Luckily we got lost and missed it but eventually chanced upon an alternative establishment, the Kod Guste, that was full of local people all enjoying substantial plates of food, mostly of fish.  It was located on the side of the harbour and was catering for working people who were consuming large amounts of alcohol and smoking heavily.  Being used to smoke free restaurants these days this seemed unusual and after an hour or so inside it needed a brisk walk along the waters edge to try and remove the smell of stale tobacco that was clinging on to our clothes before returning to the room.

Breakfast was a really bizarre experience that was served in the owner’s own living accommodation under the attentive eye of her man mountain son and various other members of the family who kept popping by to watch us drink cold tea and eat an uninspiring continental breakfast.  This was a very self-conscious experience and feeling like a specimen under a microscope we finished quickly, returned to the room, packed, checked out and set off for the city of Zadar.

A Life in a Year – 5th April, Venice, Birthplace of Marco Polo?

On April 5th 2005 I visited Venice for the fourth time.  Venice is the birth place of Marco Polo – or is it? 

When I visited Croatia in 2009 I visited the island of Korčula and one of the main visitor sites in the town is the Marco Polo house.   Korčula is compact (small)  and we were saving a visit for as long as possible so when we had done everything else that we could we delayed it a few moments longer by stopping at a café bar outside the cathedral where we sat under red umbrellas and it was a good job we did because while we there it started to spit with rain.

So now we went to the Marco Polo house.  Venice is insistent that it is the birthplace of Marco Polo and as well as restaurants and hotels has even named its airport after the great traveller, but if you speak to the people of Korčula they are adamant that he was born here in a house in the centre of the town.  We negotiated our way through the gift shop outside and paid our admission fee to enter the house.

Marco Polo was born in 1254 (somewhere) and was an explorer who wrote ‘Il Milione’, which introduced Europeans to Central Asia and China.
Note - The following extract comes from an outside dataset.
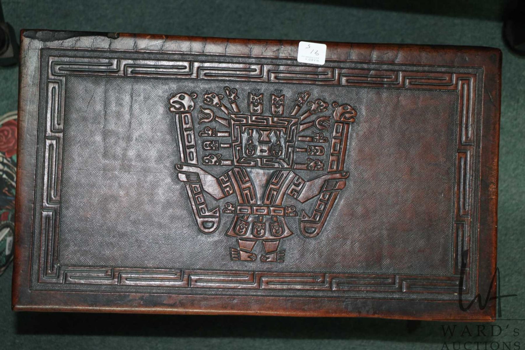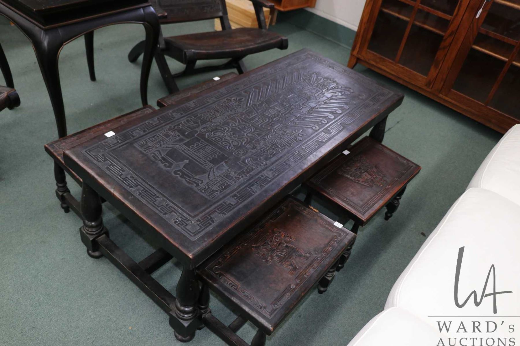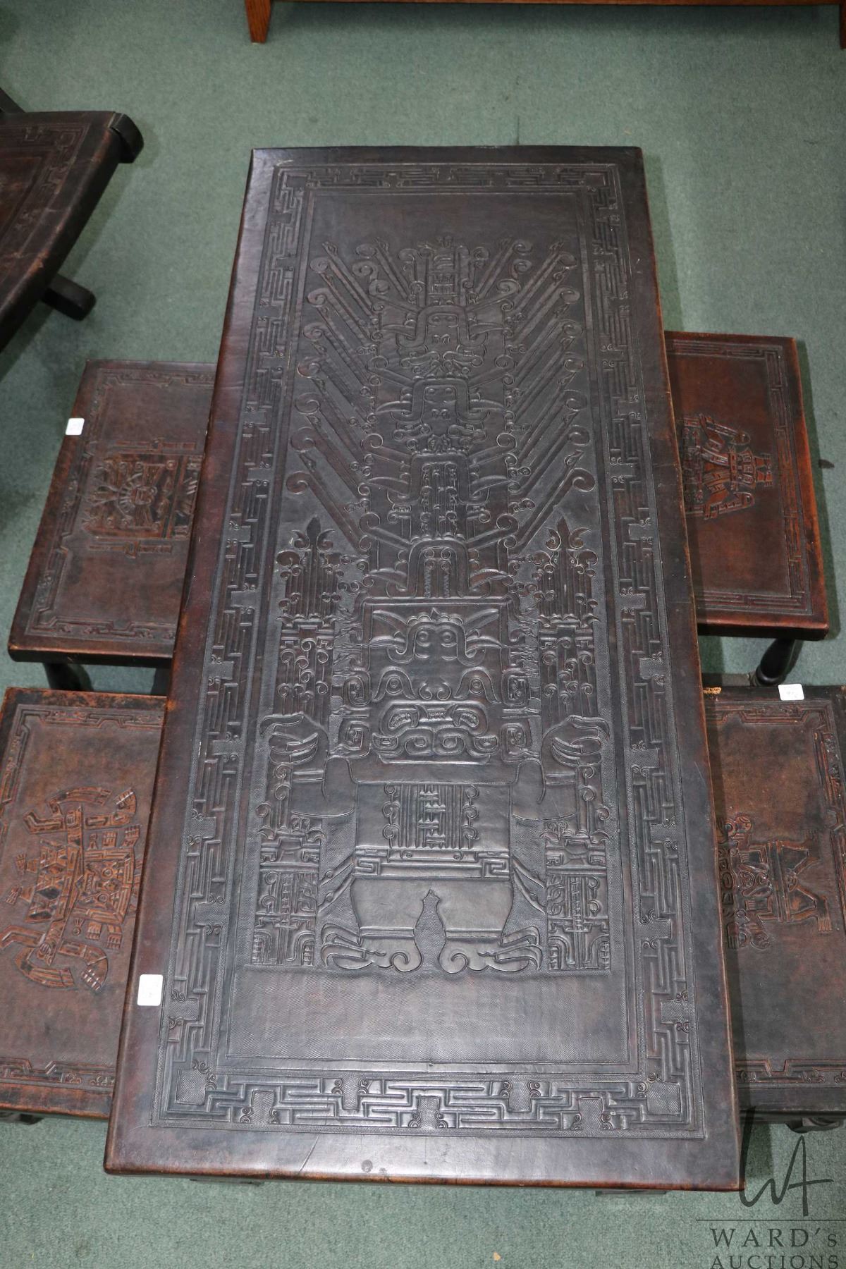 Five piece vintage Peruvian tooled leather and mohen wood table with four nesting stools, each with decorative spiritual imagery, circa 1940, 48" X 20" X 18" in height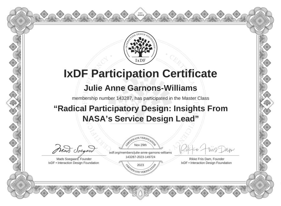 Julie Anne Garnons-Williams's IxDF Masterclass Certificate: Radical Participatory Design: Insights From NASA’s Service Design Lead

He learned about trading whilst together with his father and uncle, Niccolò and Maffeo, he voyaged through Asia and met Kublai Khan. The three of them embarked on an epic journey to Asia and travelled almost twenty-five thousand kilometres, a journey which took them nearly twenty-five years.  For his troubles Marco was accused of being a fraud and imprisoned, and whilst incarcerated dictated his stories to a cellmate. He was released in 1299, became a wealthy merchant, married and had three children. He died in 1324, and was buried in San Lorenzo in Italy. 

The house is due to be turned into a museum sometime soon but at the moment it has to be said that it is a bit of a disappointment.  There are no exhibits and no rooms to show them in if there were, only a succession of uneven stairs that lead to the top of a tower with an average sort of view over the town.  On the plus side the admission price did include a postcard of Marco Polo – each!